Recognizing excellence among faculty, staff and students
Ladiges wins Engineering scholarship
Julie Ladiges, working on a Master of Engineering Science degree in digital signal processing and hearing science, has won the 2010 AMEC Master’s Scholarship in Engineering.
Along with the $10,000 scholarship, she will receive an all-expense paid trip as a guest to the Canadian Engineering Memorial Foundation’s Annual Awards Luncheon in Vancouver May 28.
“The award is conditional on me giving two outreach presentations about engineering,” says Ladiges. “I plan to do one presentation in London and one in my former high school in Almonte, Ont. It will be an interactive demo where I make live recordings of the students playing instruments or singing/whistling and we look at and listen to the recordings to see how changing the sample rate affects the sound.”
New lessons in evolution
A team of the Biology Undergraduate Society (BUGS) won a national competition for helping to teach evolution to elementary school students.
To mark the 150th anniversary of the publication of “The Origin of Species” and Charles Darwin’s 200th birthday, The Vancouver Evolution Festival organized a competition designed to educate students in Grades K-12 about evolution.

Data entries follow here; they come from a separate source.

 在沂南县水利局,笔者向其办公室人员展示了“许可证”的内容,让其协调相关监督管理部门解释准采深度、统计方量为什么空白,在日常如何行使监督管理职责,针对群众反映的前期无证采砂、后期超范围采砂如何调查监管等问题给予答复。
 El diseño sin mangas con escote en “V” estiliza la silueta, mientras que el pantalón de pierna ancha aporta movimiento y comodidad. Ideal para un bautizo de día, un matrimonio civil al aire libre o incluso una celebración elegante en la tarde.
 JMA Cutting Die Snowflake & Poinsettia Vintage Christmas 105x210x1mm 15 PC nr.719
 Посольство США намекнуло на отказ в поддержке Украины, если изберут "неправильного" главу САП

Prior to making their competition submissions, BUGS tested their teachings on four classes of Grades 6-8 at two local schools, and developed an online evolution simulator.
BUGS submitted five proposals and won a first- and two third-place awards, totalling $750. A portion of the earnings is being donated to BUGS for future evolution outreach endeavours.

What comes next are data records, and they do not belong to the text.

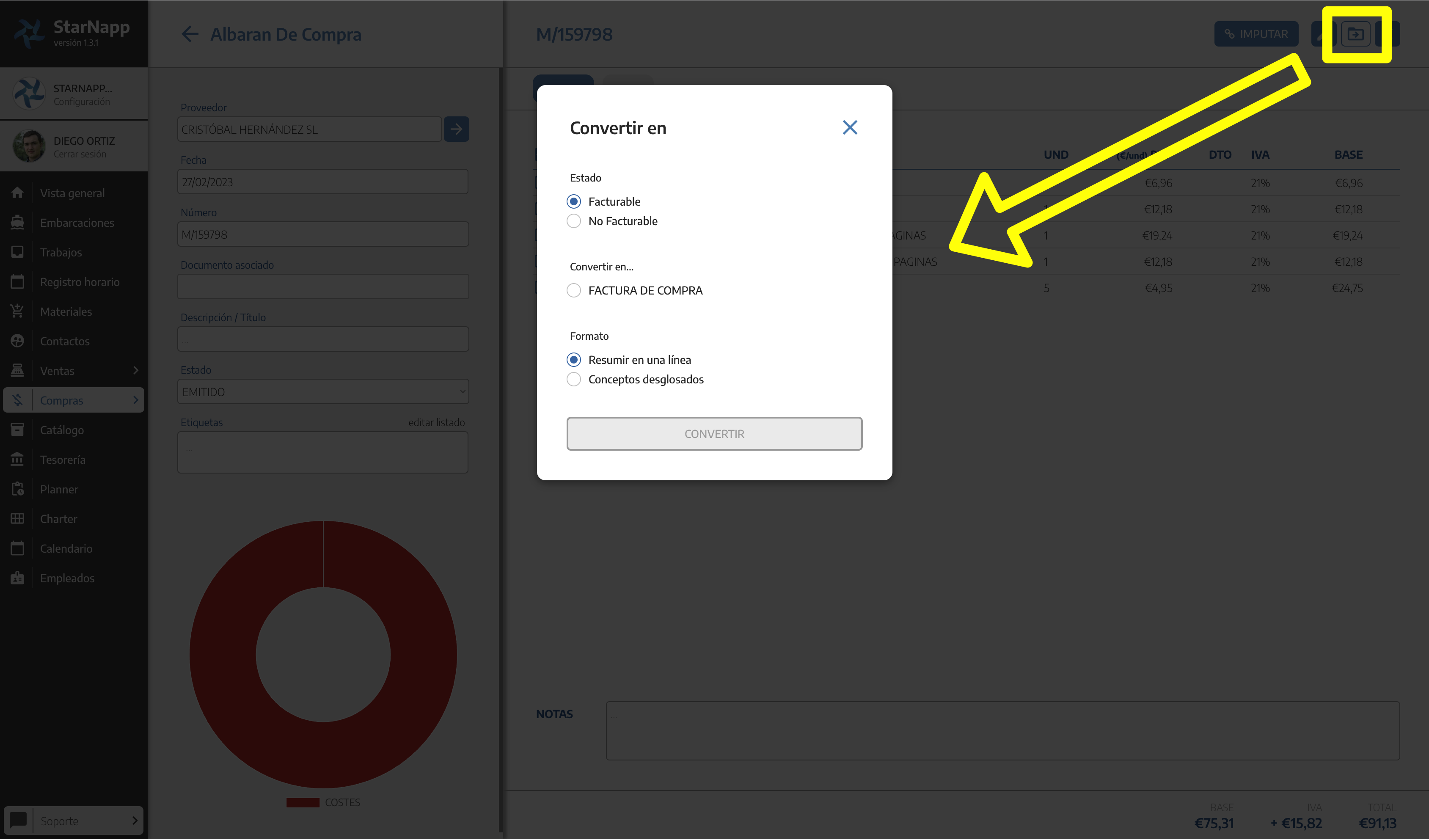 Una vez tenemos un Albarán EMITIDO si recibimos la factura del proveedor y queremos convertir ese albarán en una factura es tan sencillo como hacer click arriba a la derecha en la carpeta con una ➡️ y se nos abrirá una ventana tipo pop-up donde nos indicará qué queremos hacer con el Albarán, convertirlo en Factura o cerrarlo como No facturable, así como la posibilidad de unir varios albaranes en una línea por albarán para dicha factura o desglosar todos los conceptos de este albarán.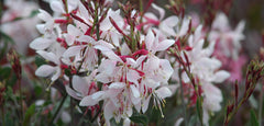 Butterflies will flock to your garden when you include gaura in your flower borders or containers. This sun-loving North American native plant is used as a perennial in warmer parts of the country and as an annual in colder regions. Gaura is heat and drought tolerant and can handle high humidity with ease. Gaura blooms all summer long producing graceful wands of nectar-rich white, pink, or bi-colored flowers that butterflies love. The deer-resistant plants grow 2 to 3 feet tall. Gaura makes an excellent container plant, too. Hardy from zones 5-9.Note: Botanists have reclassified Guara, so you may also see it listed as Oenothera lindheimeri.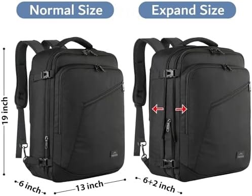 EXPANDABLE & LARGE CAPACITY: This extra large travel backpack with expandable feature offers you more packing capacity. Unzipping to get 40L storage then can easily hold packing cubes, make-up bag, outfits, camera bag and gear, etc. It fits overhead and under seat while on state of standard carry on size, is suitable for men, women, weekend traveler, or occasional vacationer. This versatile luggage backpack also meets airline carry-on requirements, for airlines such as Easy Jet, Spirit, Jet Blue

View the simulator at www.evolutionapplications.com.
Engineering student gets research travel ‘voucher’
Mechanical and Materials Engineering graduate student Brian Vermeire has a little more travel money thanks to a scholarship dedicated to supporting his studies abroad.
Vermeire is a recipient of the 2009 Canada Graduate Scholarships – Michael Smith Foreign Supplements provided by the Natural Sciences and Engineering Research Council of Canada, the Social Sciences and Humanities Research Council and the Canadian Institutes of Health Research to Canada Graduate Scholarship holders.
This scholarship supports high-calibre Canadian graduate students as they pursue exceptional research experiences at institutions outside of Canada.
There are 250 supplements available each year, valued at up to $6,000 each to help offset the cost of studying outside of Canada for a three- to six-month period, including travel, tuition and accommodation.
Student, faculty member receive nursing awards
Joyce McInerney, a professor at the Arthur Labatt Family School of Nursing, has received the Excellence in Teaching Award from the Council of Ontario University Programs in Nursing (COUPN).
The award adds to an already long list of teaching awards garnered over 30 years, for her impassioned teaching that is supported by practical experience in midwifery, intensive care, acute care, general surgery and community nursing.
In addition, at the student level, COUPN presented the Award for Excellence in Professional Nursing Practice at the Undergraduate Student Level to Deivi Gaitan for establishing the Latin American Nursing Student Initiative at Western to facilitate community development and promote global health education.
COUPN, an affiliate of the Council of Ontario Universities (COU), works in partnership with the Ministry of Health and Long-Term Care and the Ministry of Training, Colleges and Universities to deliver the highest quality nursing education to prepare students for practice and to support the province in meeting its human health resource needs.